This relative debility is, at the same time, more apparent to the stockholders than to their customers. The superstructure and “plant” of the Erie has lately stood interested inspection from abroad with great credit, and that of the Great Western is unexceptionable. The vote of travelers may be safely allotted to the broad gauge. They have more elbow room. The carriages attain the requisite width without unpleasantly, not to say dangerously, overhanging the centre of gravity; and, other things equal, the movement is steadier. Nor is the financial aspect of the question apt to impress gloomily the tourist as he enters the Paddington station and looks around at its blaze of polychrome and richness of decoration generally. As the coach doors are slammed upon you, the guard steps into his “van,” the vast drivers, taller than your head plus the regulation stove-pipe, slowly begin their whirl, and you roll majestically forth through a long file of liveried servants of the company, drawn up or in action on the platform, the sensation of patronizing a poverty-stricken corporation is by no means likely to harass you. You cease to realize that the Napoleon of engineers, Monsieur Brunel, made a disastrous mistake in the design of this splendid highway, and that, as some will have it, it was his Moscow. His error, if one there was, existed only in the selection of the width of track. Whatever the demerits of the design in that one particular, the execution is in all above praise. The road was his pet. Once finished, it was his delight, as with the breeder of a fine horse, to mount it and try its mettle. Over and again would he occupy the footboard between London and Bristol, and rejoice as a strong man in running his race at close to seventy miles an hour. He and Stephenson were capital types of the Gaul and Briton, striving side by side on the same field, as it will be good for the world that they should ever do.

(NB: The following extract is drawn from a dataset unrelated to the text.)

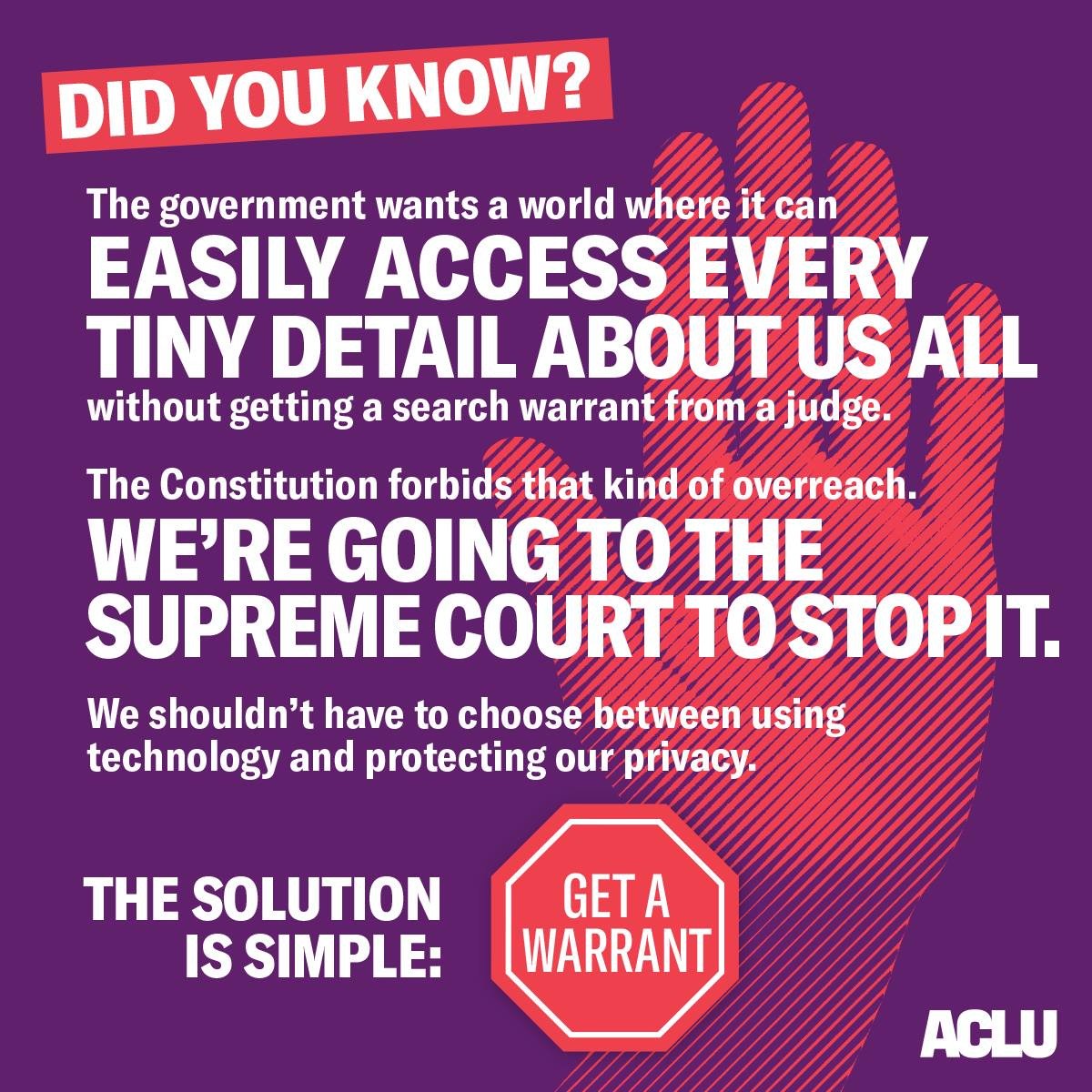 If the government wants to pry into your personal cellphone data, it should #getawarrant. Here's what's at stake in the case we're arguing before #SCOTUS today: https://www.aclu.org/blog/privacy-technology/location-tracking/right-keep-personal-data-private-carpenter-v-us …pic.twitter.com/2Z56RddDqb

[Illustration: Morton church.]
Combats of another character—in fact, of two other characters—recur to our reflections as we find that we have shuffled off the coil of bricks and mortar and are rattling across Wormwood Scrubs. More fortunate than some who have been there before us, we have no call to alight. Calls to this ancient field of glory, whether symbolized by the gentlemanly pistol or the plebeian fist, have ceased to be in vogue. Dueling and boxing are both frowned down effectually, one by public opinion and the other by the police. It is only of late years that they finally succumbed to those twin discouragers; but it seems altogether improbable that the ordeal by combat in either shape will again come to the surface in a land where tilting-spear and quarter-staff were of old so rife. In France chivalry still asserts, in a feeble way, the privilege of winking and holding out its iron, and refuses to be comforted with a suit for damages.